Thread

File locks for data directory lockfile in the context of Linux namespaces

Dmitry Dolgov <9erthalion6@gmail.com> — 2025-12-19T14:27:40Z

Hi,

TL;DR This is a proposal to use file locking with a data directory lockfile at
startup, which helps to avoid potential Linux PID namespace visibility issues.

Recently I've stumbled upon a quite annoying problem, which will require a bit
of explanation. Currently at startup if the data directory lock exists,
postgres inspects it and assumes that if it contains the same PID as the
current process, it must be a state file after a system reboot and assigning
of the same PID again. But it seems there is another possible scenario: two
postgres instances are running concurrently inside different PID namespaces,
they don't see each other and have the same PID assigned withing the respective
namespace.

It's relatively easy to use pid/ipc/net namespaces to construct a situation,
when two postgres instances run in parallel on the same data directory and do
not notice a thing, something like this:

sudo unshare --ipc --net --pid --fork --mount-proc \
bash -c 'sudo -u postgres postgres -D data'

This of course can lead to all sorts of nasty issues, but looks very artificial
at first -- obviously whoever is responsible for namespace management must also
take care about data access isolation.

But it turns out situations like this indeed could happen in practice, when it
comes to container orchestration, mostly due to lack of knowledge or
misunderstanding of documentation. Kubernetes has one particular access mode
for volumes, ReadWriteOnce [1], which often assumed to be good enough -- but it
guarantees only a single mount per node, not per pod. Kubernetes also allows a
forced pod termination [2], which removes the pod from the API, but still gives
some grace period for the pod to finish. All of this can lead to an unfortunate
sequence of events:

* A postgres pod got forcefully terminated and removed from the API right away.
* A new postgres pod is started instead (there is nothing in the API, so
why not), while the old one is still terminating.
* If they were utilizing RWO mode, the new pod will immediately get the data
volume and can access it while the old pod is still terminating.

In the end we get a situation similar to what I've described above, and
strangely enough it looks like this indeed happens in the field.

It's fair to say that it's a Kubernetes issue (there are warnings about
that in the documentation), and PostgreSQL doesn't have anything to do
with that. But taking into account general possibility of confusing
PostgreSQL with Linux namespaces it looks to me like one of those "shoot
yourself in the foot" situation, and I became curious if there are any
easy way to improve things.

The root of the problem is lack of any time related information that PostgreSQL
could use to distinguish between two scenarios: when a single container was
killed and started again later; and when two containers run at the same time.
After some experimenting it looks like the only plausible answer could be file
locking for data directory lockfile.

This approach was discussed many times in hackers, and from what I see there
are few arguments against using file locking as the main mechanism for
protecting the data directory content:

* Portability.
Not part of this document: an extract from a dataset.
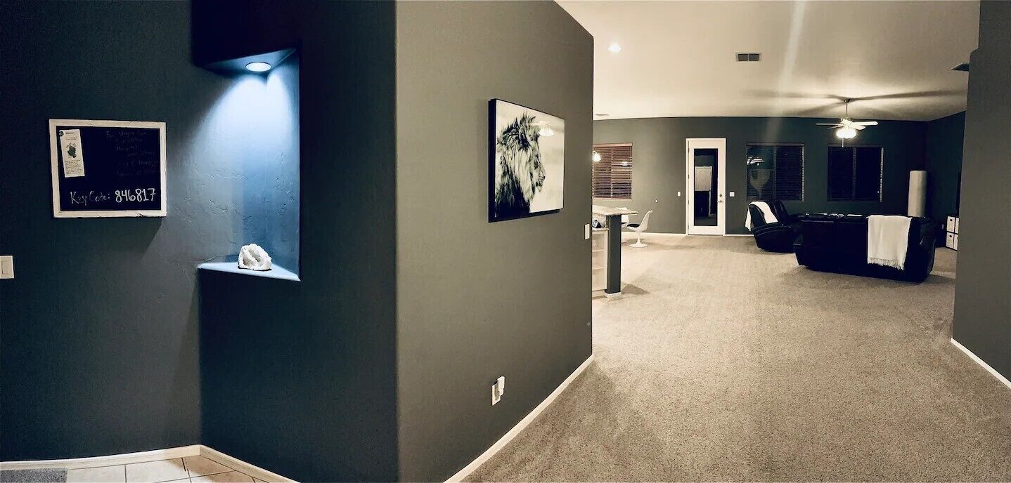 ZenHouse Dove Mountain Located in Dove Mountain where you can enjoy your time hiking the many trails, stargazing, or relaxing in the backyard with fresh breeze from the mountains.3 Bedroom 2 Bath, spacious house with full Laundry Room, Kitchen Appliances, and workout space inside Garage.100mbps High Speed Internet WiFiTouch Keypad EntryWater Softener The following subscriptions are included during your stay:Netflix DisneyMaxPrime VideoPeacock Paramount +Crunchyroll
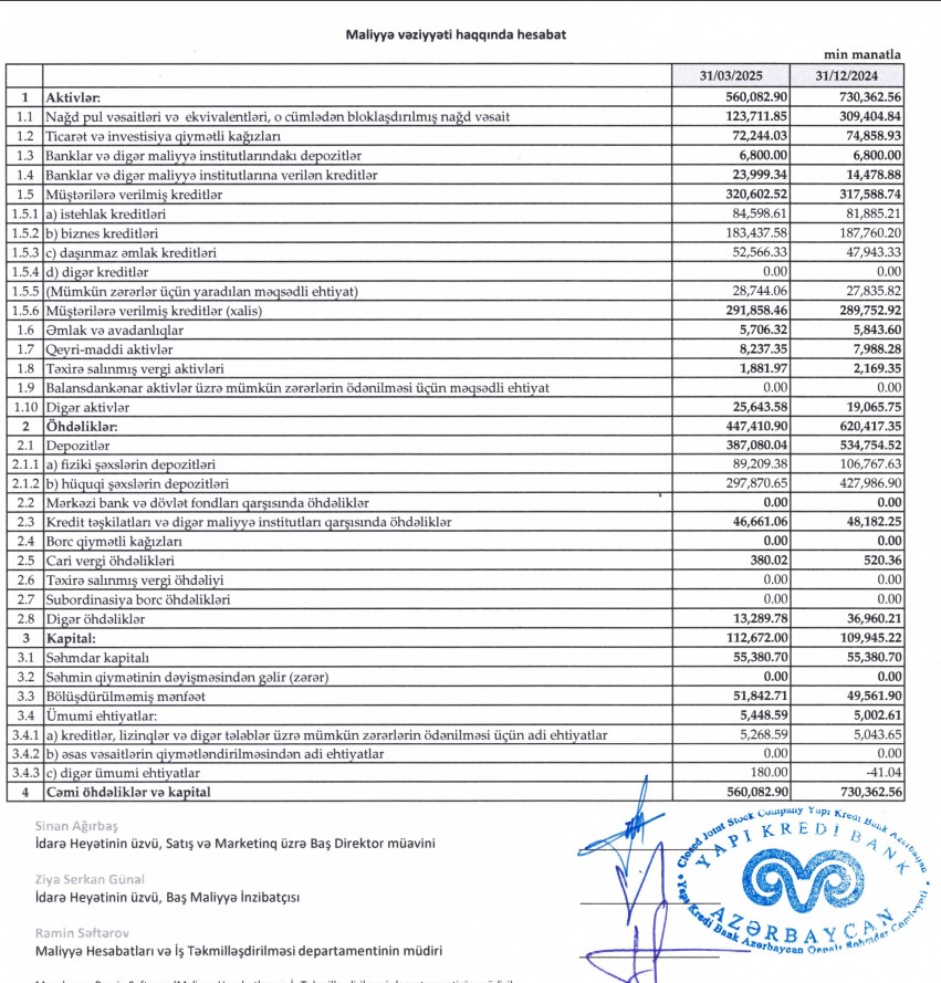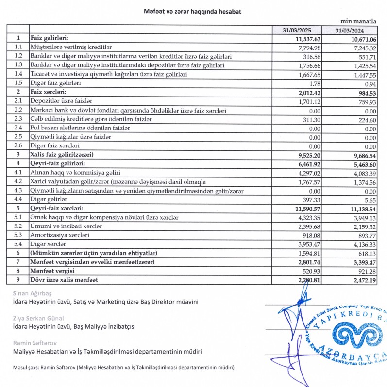 Yapı Kredi Bank Azərbaycan 2025-ci ilin birinci rübü üzrə maliyyə nəticələrini açıqlayıb.

There are two types of file locks, advisory record locks (POSIX)
and open file description locks (was non-POSIX). The former has set of flaws,
but most importantly for this discussion is that advisory record locks are
associated with a process and thus affected by PID namespace isolation. The
later are associated with open file descriptors and are suitable solution to
fix the problem. Originally open file description locks were non-POSIX, but
looks like they have become a part of POSIX.1 2024, (see F_OFD_SETLK) [3].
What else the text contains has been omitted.